**Items from a dataset**.
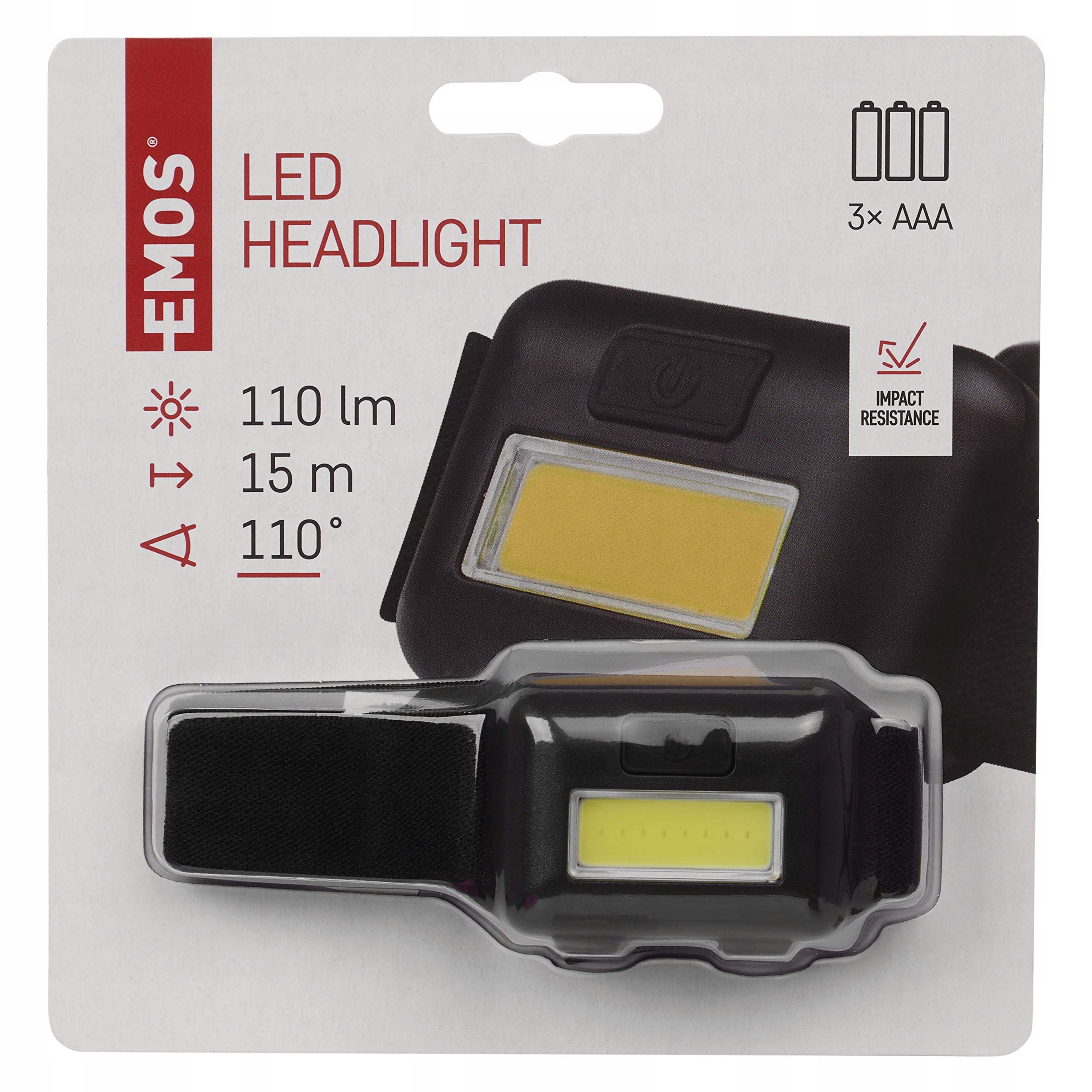 EMOS Mini czołówka dla dzieci z czasem świecenia 40 godz., czołówka COB LED o jasności 110 lm, zasięg światła 15 m i 3 trybami światła, odporna na wstrząsy, zasilana bateriami
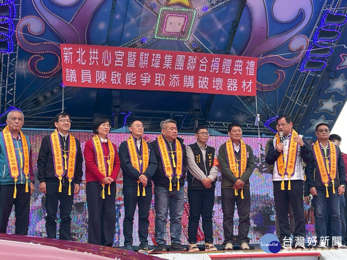 新北市議員陳啟能媒合新北拱心宮暨騏瑋實業有限公司捐贈一輛災情勘查車及破壞器材,消防局今(1)日於三重向日葵廣場舉行捐贈儀式,立法委員李坤城、蘇巧慧及新北市議員李余典、邱婷蔚等出席,消防局長陳崇岳親自主持,向新北拱心宮及騏瑋實業有限公司表達誠摯謝意。
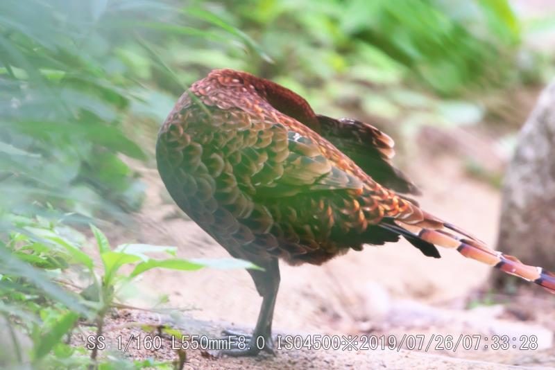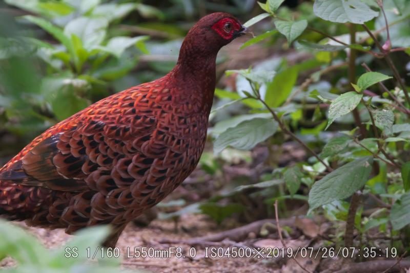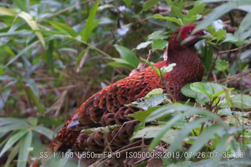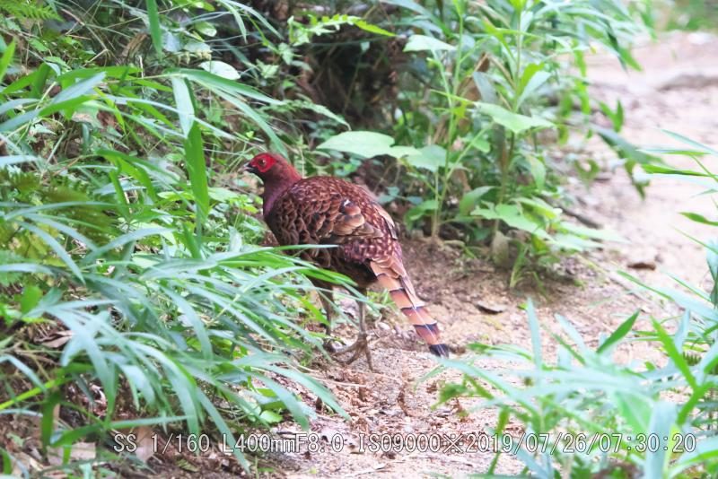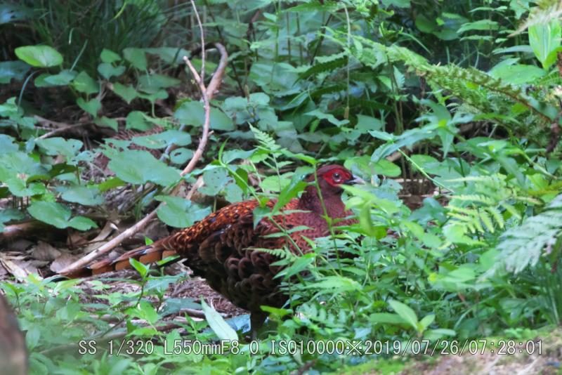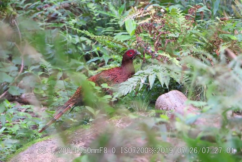 辻の新池堤防の草刈りをしたので、いつもと逆回りコースになった。カメラをスタンバイして登山道を下った。100メータぐらい先で無防備に餌をついばんでいた。途中で気付かれたが逃げ出すことは無かった。道沿いに一緒に降りたが、途中で尾根の草むらへ姿をけした。※7月は3回目だが6月は1回だけ見た。
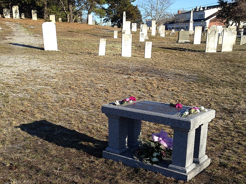 smallpox_memorial_15apr2015Over the past couple of years, I’ve written before about the old smallpox cemetery out by Clapp Pond in the Provinceland’s National Seashore. Last weekend, a group of Provincetown people dedicated a memorial to the fourteen souls anonymously committed outside of town.
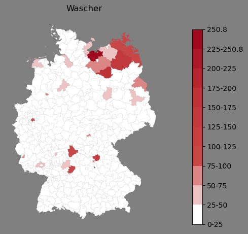 Relative Verteilung des Namens Wascher (1996)Direkt zur Karte Die Farbskala zeigt die Anzahl von "Wascher" bezogen auf je 1 Million Einträge. |
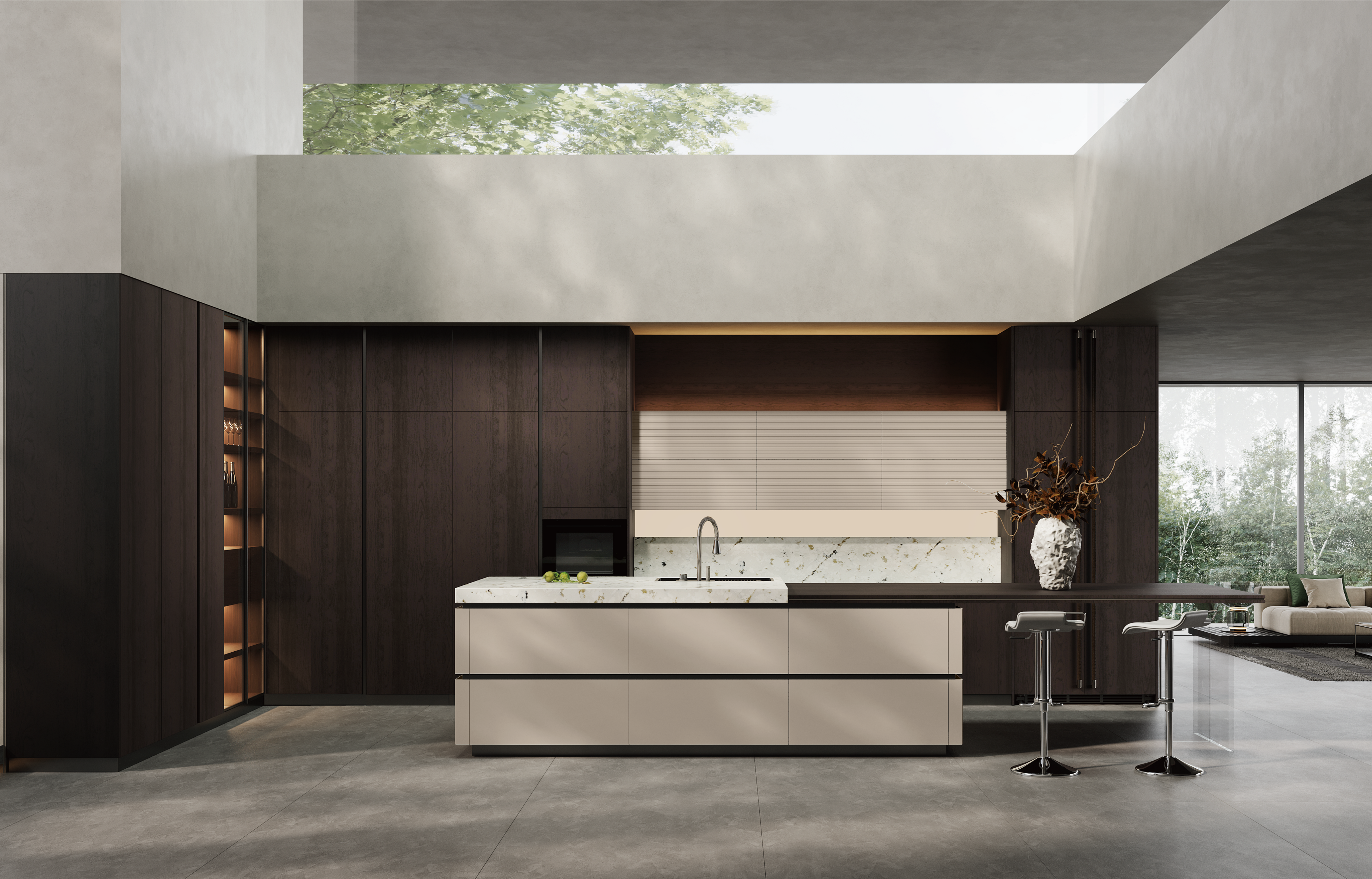 通过z6com·尊龙厨柜量体裁柜,定制出适合主厨下厨的烹饪区和洗涤区的舒适高度。
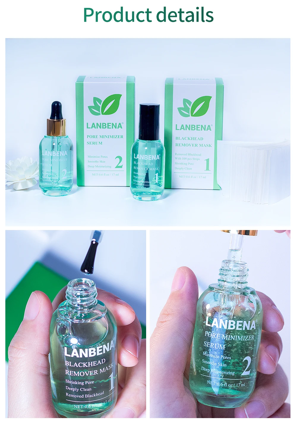 Средство для удаления черных точек и грубых пор Step1 LANBENA маска для удаления черных точек-впитывает грязь пор-высасывает акне-Удаляет излишки масла-улучшает тусклую и огрубевшую кожу-делает кожу свежей и гладкой Step2 LANBENA Pore Minimizer сыворотка-минимизирует поры-разглаживает кожу-глубокое увлажнение
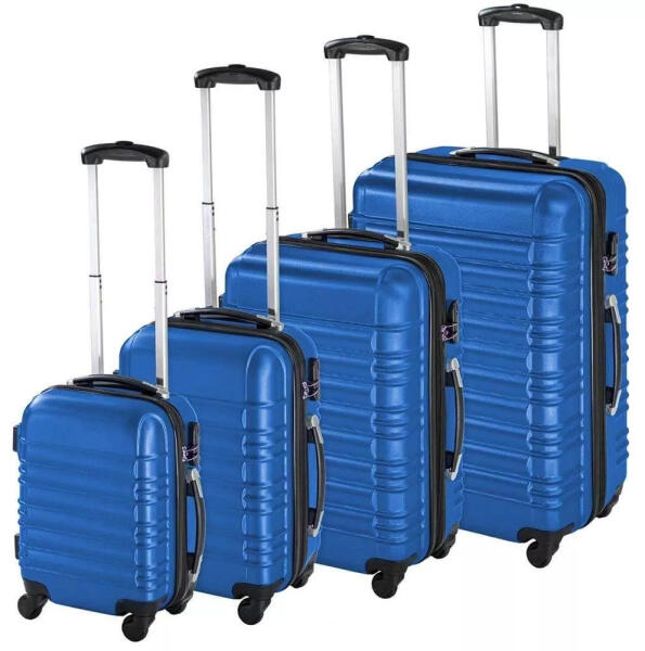 Bőröndszett az egész családnak! A szett 4 db, különböző méretű bőröndöt tartalmaz. A merev, bordázott fal védi a bőröndben található holmikat, a belső pántok pedig helyükön tartják azokat. A 4 db forgó kerék segítségével könnyedén húzható, vagy tolható magunk mellett. A teleszkópos nyél 2 állásba állítható.
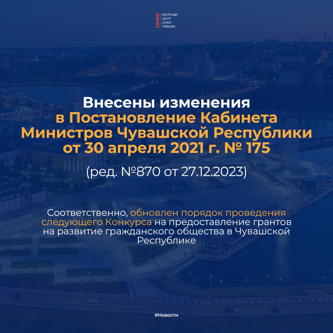 ⚡️Обновлено Постановление Кабинета Министров Чувашской Республики от 30 апреля 2021 г. № 175, регулирующее проведение Конкурса на предоставление грантов на развитие гражданского общества в Чувашской Республике
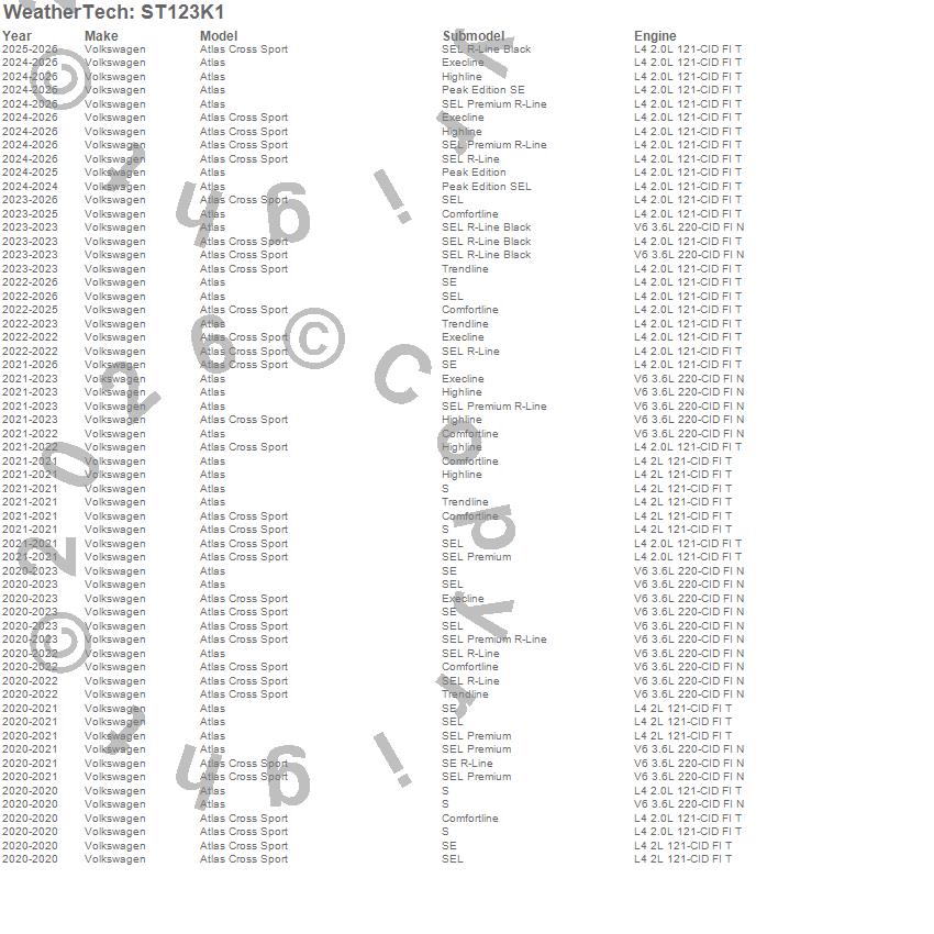 Below is an abbreviated list of applications for the Sill Protector.Atlas, Atlas Cross Sport, Volkswagen, 2026, 2025, 2024, 2023, 2022, 2021, 2020

**YOUR INSTRUCTIONS**. The full set of entries should be transcribed exactly, pictures left aside.

**YOUR SOLUTION**.
 EMOS Mini czołówka dla dzieci z czasem świecenia 40 godz., czołówka COB LED o jasności 110 lm, zasięg światła 15 m i 3 trybami światła, odporna na wstrząsy, zasilana bateriami
 新北市議員陳啟能媒合新北拱心宮暨騏瑋實業有限公司捐贈一輛災情勘查車及破壞器材,消防局今(1)日於三重向日葵廣場舉行捐贈儀式,立法委員李坤城、蘇巧慧及新北市議員李余典、邱婷蔚等出席,消防局長陳崇岳親自主持,向新北拱心宮及騏瑋實業有限公司表達誠摯謝意。
 辻の新池堤防の草刈りをしたので、いつもと逆回りコースになった。カメラをスタンバイして登山道を下った。100メータぐらい先で無防備に餌をついばんでいた。途中で気付かれたが逃げ出すことは無かった。道沿いに一緒に降りたが、途中で尾根の草むらへ姿をけした。※7月は3回目だが6月は1回だけ見た。
 smallpox_memorial_15apr2015Over the past couple of years, I’ve written before about the old smallpox cemetery out by Clapp Pond in the Provinceland’s National Seashore. Last weekend, a group of Provincetown people dedicated a memorial to the fourteen souls anonymously committed outside of town.
 Relative Verteilung des Namens Wascher (1996)Direkt zur Karte Die Farbskala zeigt die Anzahl von "Wascher" bezogen auf je 1 Million Einträge. |
 通过z6com·尊龙厨柜量体裁柜,定制出适合主厨下厨的烹饪区和洗涤区的舒适高度。
 Средство для удаления черных точек и грубых пор Step1 LANBENA маска для удаления черных точек-впитывает грязь пор-высасывает акне-Удаляет излишки масла-улучшает тусклую и огрубевшую кожу-делает кожу свежей и гладкой Step2 LANBENA Pore Minimizer сыворотка-минимизирует поры-разглаживает кожу-глубокое увлажнение
 Bőröndszett az egész családnak! A szett 4 db, különböző méretű bőröndöt tartalmaz. A merev, bordázott fal védi a bőröndben található holmikat, a belső pántok pedig helyükön tartják azokat. A 4 db forgó kerék segítségével könnyedén húzható, vagy tolható magunk mellett. A teleszkópos nyél 2 állásba állítható.
 ⚡️Обновлено Постановление Кабинета Министров Чувашской Республики от 30 апреля 2021 г. № 175, регулирующее проведение Конкурса на предоставление грантов на развитие гражданского общества в Чувашской Республике
 Below is an abbreviated list of applications for the Sill Protector.Atlas, Atlas Cross Sport, Volkswagen, 2026, 2025, 2024, 2023, 2022, 2021, 2020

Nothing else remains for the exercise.